Marion sighed. 'I think London is very wonderful, Aunt Constance. May we not go to the Tower now?'

'Another time, my child, another time.'

As the days went by, several of these excursions took place, sometimes Colonel Sampson and sometimes Simone occupying the spare seat in the coach. Slowly Marion was drawn into the circle of her new life. She no longer felt, as in the first few days of her visit, that the present was a dream, a pageant passing her by; the present became very actively real, and her life on the Cornish hillside grew more and more remote.

CHAPTER VIII

HAUNTED COVE

For three days a thick sea fog had overhung the coast, and the village and harbour of Garth had been swathed from all sight in its grey folds.

It happened that on the afternoon of the third day Charity Borlase set out from her mother's cottage and made her way towards the harbour. Ever since her sweetheart Poole had been carried off to Bodmin gaol again, Charity had found her daily life very difficult to bear. There were plenty of other fisher lads minded to console her, their offers backed by her mother's patronage; but Charity was not a person who could easily change her affections. She kept as much as possible out of sight of the quay with its chaffing, gossiping groups. But there were times when indoor life seemed to be unbearable, and on those occasions she would take her restless unhappiness for company, and seeking the edge of the sea try to find the comfort there that was denied her in her home.

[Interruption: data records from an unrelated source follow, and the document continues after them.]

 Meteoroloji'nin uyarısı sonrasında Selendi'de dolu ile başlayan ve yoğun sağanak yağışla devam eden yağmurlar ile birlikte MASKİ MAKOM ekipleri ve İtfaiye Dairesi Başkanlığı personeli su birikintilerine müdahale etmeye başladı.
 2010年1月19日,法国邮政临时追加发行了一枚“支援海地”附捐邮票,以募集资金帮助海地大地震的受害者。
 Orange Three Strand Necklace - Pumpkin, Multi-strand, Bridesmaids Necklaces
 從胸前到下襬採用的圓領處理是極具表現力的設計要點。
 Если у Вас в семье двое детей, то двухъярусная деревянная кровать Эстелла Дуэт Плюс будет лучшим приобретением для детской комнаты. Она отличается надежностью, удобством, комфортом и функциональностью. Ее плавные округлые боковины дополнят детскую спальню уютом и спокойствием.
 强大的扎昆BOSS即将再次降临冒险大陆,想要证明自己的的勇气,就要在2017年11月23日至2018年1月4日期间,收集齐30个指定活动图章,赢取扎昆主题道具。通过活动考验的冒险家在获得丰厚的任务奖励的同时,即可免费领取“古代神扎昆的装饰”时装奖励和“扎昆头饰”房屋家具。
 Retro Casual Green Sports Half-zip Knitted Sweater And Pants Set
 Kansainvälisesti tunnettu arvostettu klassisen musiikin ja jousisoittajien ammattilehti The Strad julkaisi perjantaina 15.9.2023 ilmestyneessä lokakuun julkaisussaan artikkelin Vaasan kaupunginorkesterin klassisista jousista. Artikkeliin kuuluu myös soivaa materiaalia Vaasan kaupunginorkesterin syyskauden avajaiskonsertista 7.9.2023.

Although the mist was thick, Charity was seaman enough to know that it would soon be lifting, and taking her cloak she went quietly down towards the village. Then, acting on an idle fancy, she turned to her brother's boat that was moored close to the cottage, and began to row herself across the water to Polrennan, the little group of cottages that faced the more important village of Garth.

As she sculled the boat across, bearing upstream a little against the eddying tide, the fisher girl's eyes wandered up the estuary. In the mist she fancied she saw farther up the narrowing creek, on the Polrennanside, a slight figure wrapped in a hood and cloak, walking rapidly towards the river mouth. Standing in the stern, working her oar easily, Charity peered through the mist which was already rising and falling a little in the slight easterly breeze. Again came the glimpse of the shrouded figure, more easily seen this time, and the watcher nodded grimly as she recognised the trotting gait. She made a swift calculation; realised that if she drove her boat in straight to the shore she would run into the arms, so to speak, of the lonely walker. Charity quietly slipped down to the thwart, took a second oar, and noiselessly rowed upstream. She preferred to land higher up and be at liberty to watch unseen. That so far she herself was unseen she was fairly confident. Only some one as far-sighted as a sailor and, moreover, bred to the half-lights of the sea mists, could have descried her little boat from the farther bank.

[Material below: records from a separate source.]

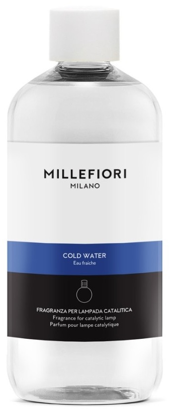 Náplň do katalytické lampy Millefiori MILANO s vůní COLD WATER. Láhev oleje určená speciálně pro katalytické lampy. Svěží tóny santalového dřeva, rozmarýnu, citronu a bergamotu.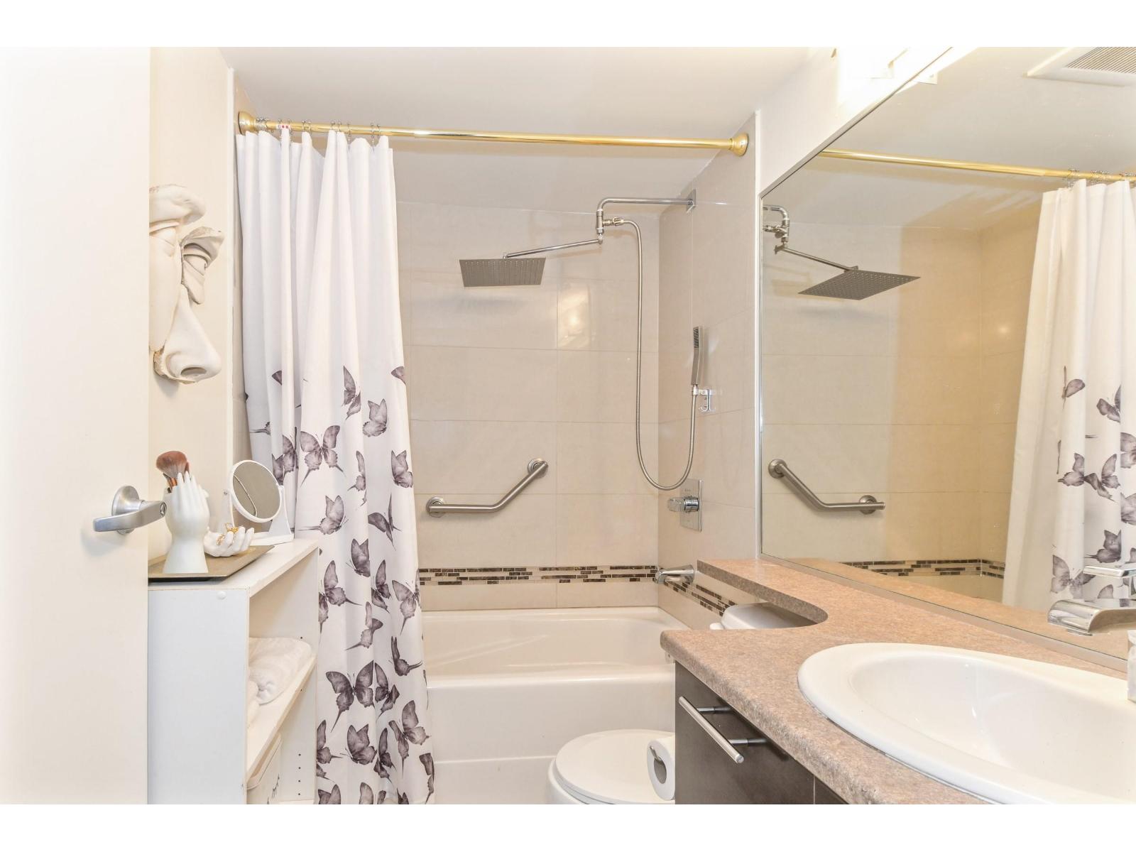 This well-maintained and move-in-ready 1-bedroom plus spacious den condo offers a bright, open-concept layout with a modern kitchen featuring stainless steel appliances, granite countertops, and an extended bar top. The living room is enhanced by a cozy electric fireplace, while the private balcony overlooks the quiet, tree-lined side of the property, creating a peaceful retreat. Located in a pet-friendly and rental-friendly building, the unit includes secure underground parking, a convenient storage locker, and access to a guest suite for visitors. Close to local shops, restaurants, and everyday essentials. With quick access to HWY 1, UFV, Abbotsford Centre, hospital, and public transit, This home combines comfort, convenience, and lifestyle. Don't miss out-book your showing today! (32239564)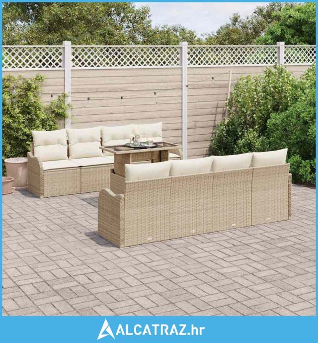 Set vanjskog namještaja od 10 dijelova s jastučićima, bež poli ratan -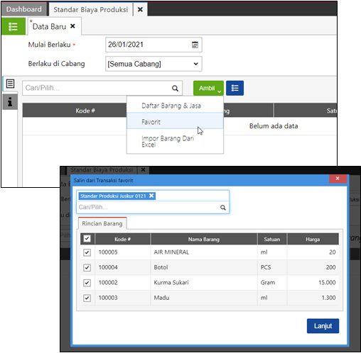 7. Jika kamu ingin membuat standar biaya produksi dari transaksi favorit yang sudah disumpan sebelumnya, klik pilihan Favorit dan cari nomor favorit yang dimaksud kemudian klik Lanjut. Selanjutnya isi nilai standar biaya produksi yang baru, klik Simpan jika sudah selesai.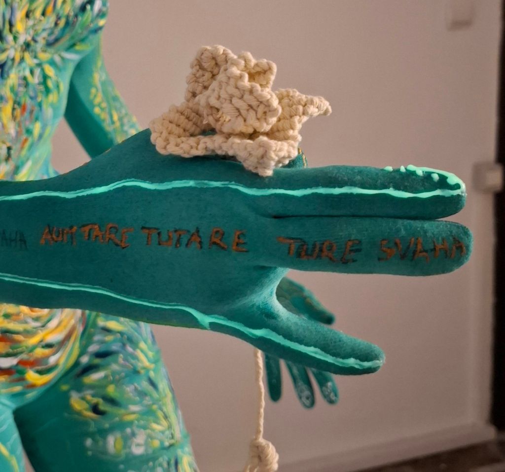 Even before this new perspective was revealed to me, the inspiration which Tārā provided made me want to pay tribute to her and I asked Livia Mateiaș to paint the manquin from “The moment before…” as Tārā together. She suggested to make it a performance with publiv and I picked the 28th of February as the 12th day of the new Chinese year and a sacred day in Buddhism. Felt perfect for a ritual of adoration, not just for Tārā, but for women, in general.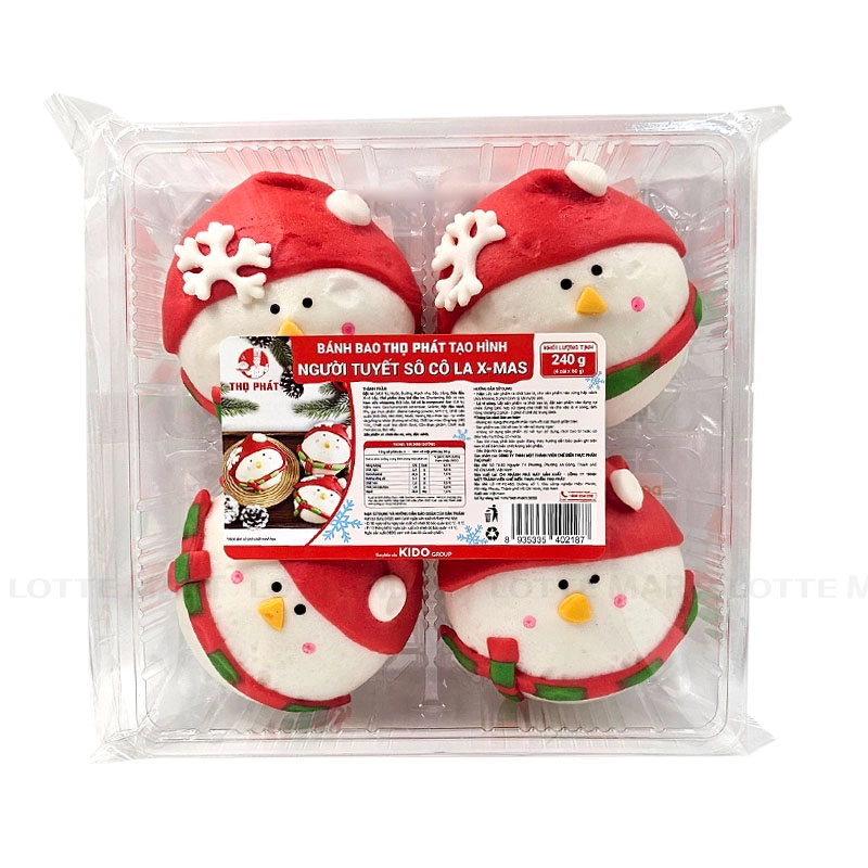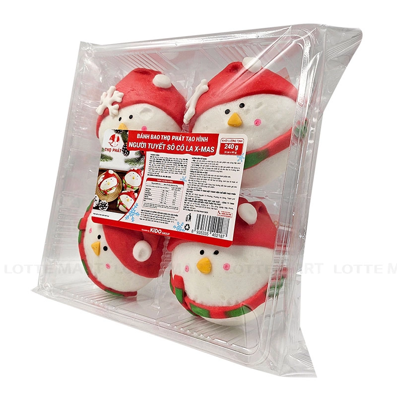 - Bánh Bao Tạo Hình Người Tuyết Nhân Socola Thọ Phát có thiết kế ngộ nghĩnh, đáng yêu với hình dáng người tuyết sinh động, đội chiếc mũ và quàng khăn đỏ bắt mắt, mang đến trải nghiệm thú vị cho người dùng, đặc biệt là trẻ em.
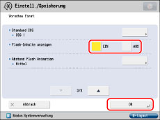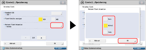 Wenn [Intervall Flash Animation] auf 'Kurz' gesetzt wird, können andere Vorgänge, wie Drucken, sich verlangsamen.

As Charity rowed on, her face wore a scornful expression that gave way to a firm intentness of purpose. Although more educated than many of her class, curiosity and superstition had a large place in her mind. But more than curiosity impelled Charity to the course she now took. No one could live in Garth and not know the stories that ran to and fro concerning 'Mademoiselle,' who was disliked partly for her nationality and partly for herself. Charity, loyal and devoted to the Admiral and to her beloved Mistress Marion, and a degree or two removed from her kind, was perhaps the only woman in the village who had refused to share the gossip of the quay. But since the hurried departure of Victoire, for whom the fisher girl had a kind of superstitious dislike, even Charity had thought a good deal of the inmates of the house over the brow of the hill.